INITIATIVES FÉDÉRALES

Le premier engagement ferme en matière de politique de conservation des sols a été le renouvellement des Ententes de développement économique et régional (EDÉR) en 1984-1985. En effet, des dispositions relatives à la conservation des ressources en sols et en eau ont été intégrées dans les EDÉR que le gouvernement fédéral a conclues avec le Manitoba, l’Île-du-Prince-Édouard, la Colombie-Britannique, l’Alberta et la Saskatchewan.

Cette volonté du gouvernement fédéral de s’attaquer au problème s’est concrétisée à la fin de 1985 lorsque la Conférence des premiers ministres a mis la conservation des sols à son ordre du jour. Les conclusions ont été incluses dans la Stratégie agricole nationale publiée en novembre 1986.

La mise en œuvre de cette stratégie a permis la mise en place du Programme national de conservation des sols. Ce programme prévoyait la négociation, par le gouvernement fédéral et les provinces, d’accords sur la conservation des sols et de l’eau afin de favoriser les démonstrations, la recherche, l’aide technique et financière, la surveillance de la situation ainsi que la sensibilisation du public. Des ententes ont été signées avec le Yukon, la Colombie-Britannique, l’Alberta, la Saskatchewan, le Manitoba, l’Ontario, le Québec, la Nouvelle-Écosse, le Nouveau Brunswick et l’Île-du-Prince-Édouard. Ces accords fédéraux-provinciaux ont été perçus comme des modèles dont l’application devrait être élargie à tous les aspects de l’agriculture intégrée. En 1993, ce programme a été remplacé par le Plan vert.
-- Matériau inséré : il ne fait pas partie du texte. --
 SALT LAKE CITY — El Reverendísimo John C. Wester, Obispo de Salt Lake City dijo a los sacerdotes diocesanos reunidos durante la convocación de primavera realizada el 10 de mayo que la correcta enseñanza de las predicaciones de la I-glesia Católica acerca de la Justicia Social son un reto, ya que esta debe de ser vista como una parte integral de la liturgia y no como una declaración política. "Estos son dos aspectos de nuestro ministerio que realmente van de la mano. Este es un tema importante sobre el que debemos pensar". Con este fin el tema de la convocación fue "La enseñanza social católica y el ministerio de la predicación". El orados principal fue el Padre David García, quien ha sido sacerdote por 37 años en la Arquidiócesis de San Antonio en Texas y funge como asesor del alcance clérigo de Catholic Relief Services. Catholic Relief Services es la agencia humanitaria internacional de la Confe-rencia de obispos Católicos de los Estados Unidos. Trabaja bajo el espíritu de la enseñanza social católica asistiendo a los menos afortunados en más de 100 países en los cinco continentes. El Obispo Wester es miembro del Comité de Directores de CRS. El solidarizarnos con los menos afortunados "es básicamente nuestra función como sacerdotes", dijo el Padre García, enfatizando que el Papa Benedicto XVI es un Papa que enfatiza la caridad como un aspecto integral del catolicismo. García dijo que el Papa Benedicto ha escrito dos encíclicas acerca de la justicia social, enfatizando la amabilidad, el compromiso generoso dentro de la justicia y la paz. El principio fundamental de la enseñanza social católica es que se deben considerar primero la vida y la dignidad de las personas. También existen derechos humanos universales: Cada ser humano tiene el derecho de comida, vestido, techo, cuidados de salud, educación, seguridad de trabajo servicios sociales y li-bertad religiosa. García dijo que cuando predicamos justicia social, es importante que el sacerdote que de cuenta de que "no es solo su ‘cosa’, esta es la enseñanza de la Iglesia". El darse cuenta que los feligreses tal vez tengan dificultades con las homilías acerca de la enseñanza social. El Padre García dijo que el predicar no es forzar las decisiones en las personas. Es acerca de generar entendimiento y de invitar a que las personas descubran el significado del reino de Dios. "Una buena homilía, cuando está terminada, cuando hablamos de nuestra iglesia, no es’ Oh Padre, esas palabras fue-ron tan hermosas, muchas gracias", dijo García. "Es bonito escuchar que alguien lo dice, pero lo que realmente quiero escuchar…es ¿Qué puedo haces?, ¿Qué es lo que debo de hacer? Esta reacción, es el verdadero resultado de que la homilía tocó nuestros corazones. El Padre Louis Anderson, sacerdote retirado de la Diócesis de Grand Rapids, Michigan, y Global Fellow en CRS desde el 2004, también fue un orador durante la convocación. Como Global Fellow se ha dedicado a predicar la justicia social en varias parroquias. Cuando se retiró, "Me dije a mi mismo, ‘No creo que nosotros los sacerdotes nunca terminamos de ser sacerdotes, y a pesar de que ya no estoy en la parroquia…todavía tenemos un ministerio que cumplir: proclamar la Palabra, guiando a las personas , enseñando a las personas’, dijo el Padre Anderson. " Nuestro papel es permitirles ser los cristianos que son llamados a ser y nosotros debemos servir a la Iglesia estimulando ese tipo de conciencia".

En 1998, un nouveau Programme national de conservation du sol et de l’eau a vu le jour. Les dix millions de dollars affectés au programme doivent appuyer la Stratégie de développement durable d’Agriculture et Agroalimentaire Canada, en finançant des projets ayant pour objet, entre autres, la conservation des sols agricoles.

CONCLUSION

D’après les résultats d’une étude intitulée La santé de nos sols publiée par Agriculture et Agroalimentaire Canada en juillet 1995, un recours plus important aux méthodes d’agriculture écologique pendant les dix dernières années a amélioré la qualité des sols dans certaines régions du pays. L’étude a montré que la dégradation des sols est en grande partie attribuable à de mauvaises méthodes d’exploitation agricole, et que la santé des sols continuera de se détériorer dans les régions où on pratique la culture intensive et dans les terres peu productives où les méthodes d’agriculture écologique ne sont pas utilisées.
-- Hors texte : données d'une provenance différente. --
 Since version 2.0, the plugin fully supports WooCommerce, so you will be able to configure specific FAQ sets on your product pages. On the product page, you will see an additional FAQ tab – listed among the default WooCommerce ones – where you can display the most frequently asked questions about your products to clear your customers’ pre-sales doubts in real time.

Par contre, la santé des sols s’améliore là où des méthodes de conservation des sols ont été adoptées. De telles méthodes sont déjà utilisées sur le tiers des terres cultivées au Canada. Le fait que les taux de terres en jachère aient régressé de 30 p. 100 en vingt ans a contribué à la diminution de l’érosion. De plus, une plus grande rotation des cultures a permis l’accroissement de la matière organique dans le sol.
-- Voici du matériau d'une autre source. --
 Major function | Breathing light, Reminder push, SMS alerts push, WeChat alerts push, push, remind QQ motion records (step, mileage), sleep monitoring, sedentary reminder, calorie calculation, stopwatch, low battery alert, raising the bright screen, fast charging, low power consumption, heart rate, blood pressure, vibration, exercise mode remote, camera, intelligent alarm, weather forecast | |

Selon l’étude susmentionnée, la région des Prairies a moins souffert de la dégradation des sols que les autres régions du Canada, grâce notamment à la diminution du taux de jachère mais aussi au développement de couvertures végétales permanentes sur certaines terres. Globalement, les provinces du Centre et celles de l’Atlantique ont vu leurs sols se dégrader plus fortement en raison de la culture intensive qui s’y pratique (phénomène accentué par des terres relativement pauvres dans les Maritimes), même si on remarque une nette amélioration du taux de matière organique dans le sol de certaines régions en raison d’une meilleure rotation des cultures.

Cependant les auteurs de l’étude insistent sur le fait que les méthodes de conservation doivent être adaptées aux besoins des exploitations agricoles. Le choix des cultures et des moyens de production joue aussi un rôle important dans la santé des sols et il doit être effectué de concert avec le choix de méthodes d’agriculture écologique.

Nous en arrivons ainsi au véritable enjeu de la conservation des sols, qui ne constitue qu’une partie de la durabilité de l’agriculture. En raison de l’apparition du concept d’agriculture durable, il faudra adopter une nouvelle politique qui tienne compte des effets environnementaux de l’agriculture et favorise la conservation des ressources et des rendements.